Article Text
Abstract
Background Refractory intestinal infections, encompassing known and unknown pathogens, constitute a pressing global health concern. This study aimed to assess the efficacy and safety of washed microbiota transplantation (WMT), a novel fecal microbiota transplantation method, in patients with antibiotic-refractory intestinal infections.
Methods This was a nationwide retrospective study based on the prospective cohorts of patients who underwent WMT from September 2015 to February 2023 in China. The patients diagnosed with refractory intestinal bacterial infections and then underwent WMT were included. The primary outcome was the clinical cure rate at one-month post-WMT, with secondary outcomes including clinical response rate at one week and one month and factors influencing efficacy and safety.

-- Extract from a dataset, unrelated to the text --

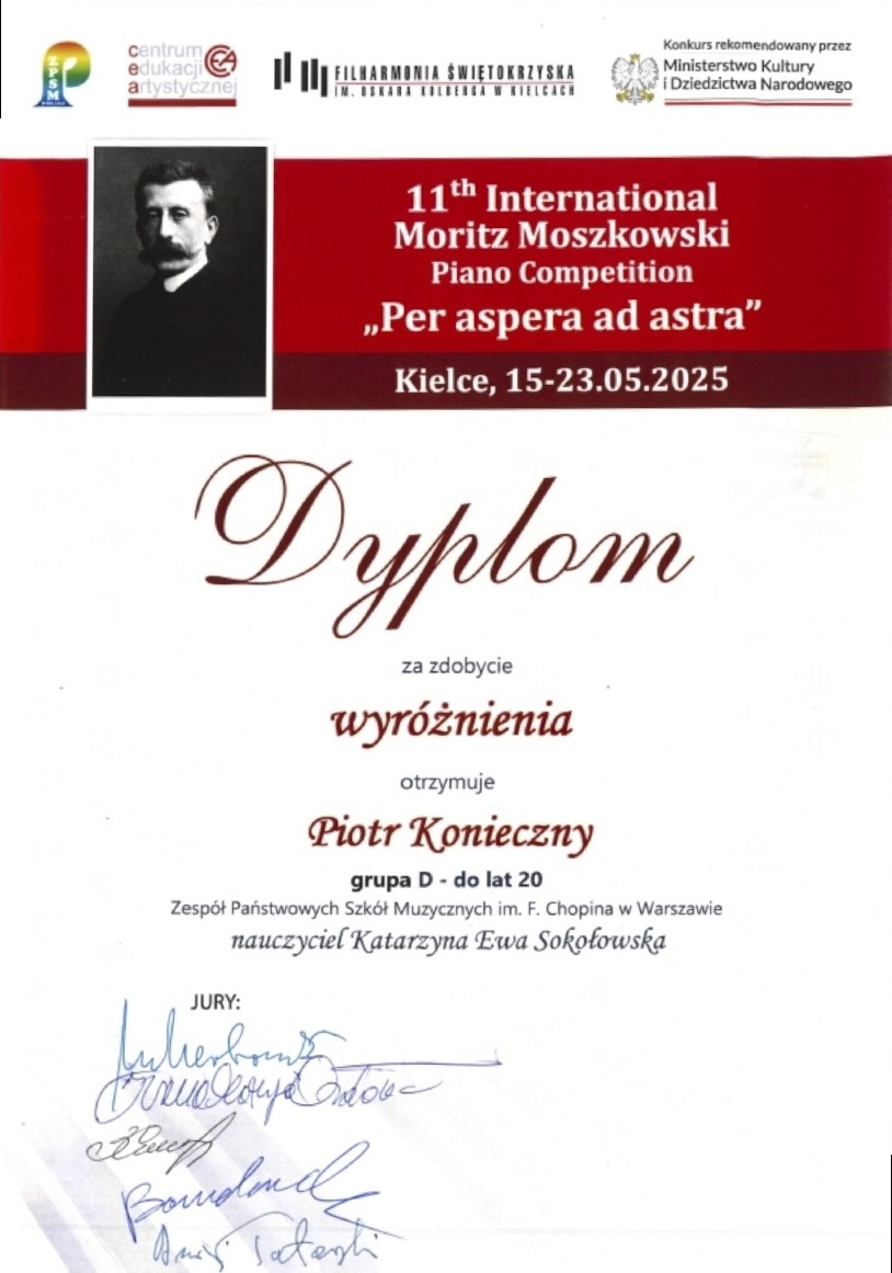 Wyróżnienie - XI Międzynarodowy Konkurs Pianistyczny im. Maurycego Moszkowskiego „PER ASPERA AD ASTRA''

Results The analysis involved 221 patients (IDDF2024-ABS-0351 Figure 1), comprising 127 with Clostridioides difficile infection (CDI) and 94 with refractory intestinal infections beyond CDI (IDDF2024-ABS-0351 Figure 2 (a)). The types of antibiotics administered prior to rescue WMT are illustrated in IDDF2024-ABS-0351 Figure 2 (b), and the median number of antibiotic classes prescribed within one month before WMT was 2 (2-4). The overall clinical cure rate at one-month post-WMT was 66.1% (146/221). Specifically, clinical cure rates were 55.0% (11/20) for patients with intestinal active multi-drug resistant organisms’ infections and 48.1% (38/79) for those with undetermined bacterial infections (IDDF2024-ABS-0351 Figure 2 (c)). Risk factors affecting WMT efficacy included World Health Organization performance status of 4 (OR = 2.753, 95% CI: 1.269-5.973; p = 0.010), concomitant enterovirus infection (OR = 9.629, 95% CI: 3.004-30.871; p = 0.001) and antibiotics use within one or two weeks after WMT (OR = 2.428, 95% CI: 1.223-4.821; p = 0.011) (IDDF2024-ABS-0351 Figure 3). Concomitant enterovirus infection emerged as the sole independent factor significantly influencing the safety of WMT (OR = 3.127, 95% CI: 1.131-8.560; p = 0.028) (IDDF2024-ABS-0351 Figure 4). A machine learning classifier Random Forest, incorporating ten baseline characteristics (IDDF2024-ABS-0351 Figure 5 (a)), achieved an area under the curve of 0.819 for predicting clinical cure at one-month post-WMT (IDDF2024-ABS-0351 Figure 5 (b)).
Conclusions The favorable clinical outcomes observed in this study provide cohort-based evidence for using WMT to treat refractory intestinal bacterial infections beyond CDI.